# Python for Digital Humanities

## Unit #3: Beginning Text Processing

* Overview
* NLTK


<font color=blue>---------------------------------------------------------------</font>

### 3.1 Overview 
#### Basic Text Processing

One of the most basic techniques for processing text is to look at the text as a collection of words and perform statistics on the collection.  How many unique words are used? What words are used the most often? Are there word combinations (e.g., inner sanctum, gray skies) that are repeated throughout the text?

In this unit, we will look at tools within Python that will help us to do.  We are fortunate that other people have written the code that does the majority of the work for us.  But, to use the code, we need to ensure that these tools are available with our version of Python.

One of the advantages of using the Anaconda distribution of Python is that it comes with several of the most used packages or modules already installed.


In the iPython console of Spyder, you can type
```
!pip list
``` 
and look through the alphabetical list of the packages/modules.

Or, you can import with the name of the package/module to see if it loads correctly.
For example:
```
import math
```


### 3.2 The NLTK Package

In Python, we have the `nltk` (Natural Language Toolkit) package the provides some very nice statistical tools that can be used with text.

Before we can take full advantage of `nltk`, we need to have it install some data sets some datasets that we can use in our statistical analysis.

<font color='red'>Caution:</font> 
* Before doing this download, make sure that you have **at least 3.5GB of free space on your laptop!**
* The download will take approximately 30 minutes.  Make sure that you won't need your computer for that chunk of time.
* Only do the download once! 

```
import nltk
nltk.download()
```
When a dialog box appears, select "all". 



## Activity:  Using some features of nltk


Make sure that you have downloaded the file "emma_chapter_one.txt".
Type in the code snippets from below to see what `nltk` can do for you.
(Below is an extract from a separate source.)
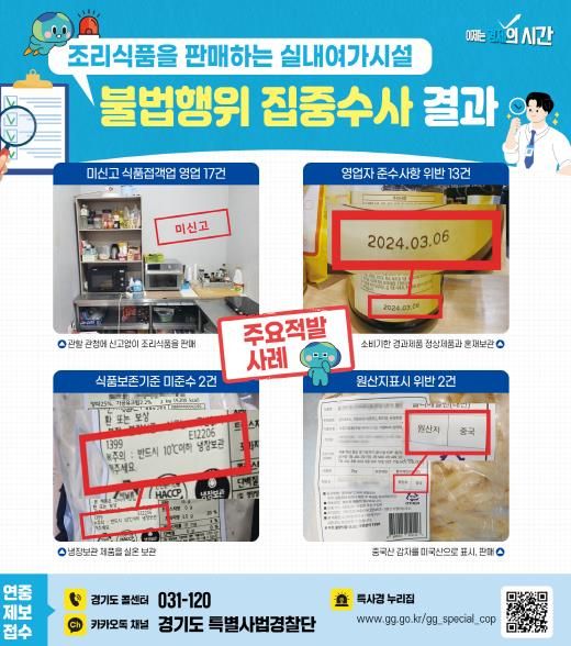 주요 위반 사례를 보면 김포시 A스크린골프장은 식품접객업 영업 신고 없이 주방시설 등을 갖추고 이용객을 대상으로 조리식품 등을 제공하다 적발됐다. 성남시 B피씨방은 소비기한이 11개월 지난 우동다시 등 총 5종의 제품을 ‘폐기용’ 또는 ‘교육용’ 표시 없이 정상 식재료와 함께 보관해오다 적발됐다. 또한, 평택시 C피씨방은 보관기준이 10℃이하 냉장보관인 양파드레싱 등 총 3종의 소스류를 주방시설 내 실온보관대에 보관해 왔으며, 광주시 D키즈카페는 매장 내 원산지 표시판에 감자를 미국산이라 표시하고 중국산 감자를 조리·판매하다 적발됐다.

**1. Read in the file _emma_chapter_one.txt_ into the variable `raw_text`**
```
import nltk
with open('emma_chapter_one.txt') as f:
    raw_text = f.read()
```


**2. Split the text into words by using `word_tokenize`.**

```
words = nltk.word_tokenize(raw_text)
```

**3. Use `FreqDist` to have the program count how many times each word is used in the text.**

By save the results to the variable `fdist`, you can look up how many times the word occurs.  For example, `fdist['Emma']` will tell us the number of times that the word "Emma" occurs.

```
fdist = nltk.FreqDist(words)
print(fdist['Emma'])
```
You only have to use `FreqDist` one time.  The results are saved in the variable `fdist`. Try different words that you are curious about.  Do they occur more or less often than "Emma"?

```
print(fdist['REPLACE_WITH_YOUR_WORD'])
```

**4. Convert the words back to a text.**  
For the next set of features or tools, we want to have the text back together.  It is very important that we use `nltk`'s command `Text` to do this.
```
text = nltk.Text(words)
```
Now, `text` is a special variable that has some tools associated with it.  Let's look at a handful of those tools.

**5. Suppose we wnat to know how the word "Emma" is used throughout the text.**
We can use the `concordance` tool to look at the words surrounding "Emma":
```
text.concordance("Emma")
```
Use the `concordance` tool on words of your choice to see how they are used.  (Maybe you noticed another word when you used the concordance tool and you want to see how that word is used throughout the text!)

**6. We may want to know if other words are used in a way similar to how "Emma" was used.**
To look these words, we can use the `similar` tool:
```
text.similar('Emma')
```
Again, try words other than "Emma" to see what you can discover.

**7. Suppose we want to determine if there are common contexts between the word "Emma" and the word "he".**
We can use the `common_contexts` tool:
```
text.common_contexts(['Emma', 'he'])
```
Notice that the output is in the form of two words joined by an underscore (e.g., _but_was_).  This means that the phrases "but Emma was" and "but he was" both occur in the text.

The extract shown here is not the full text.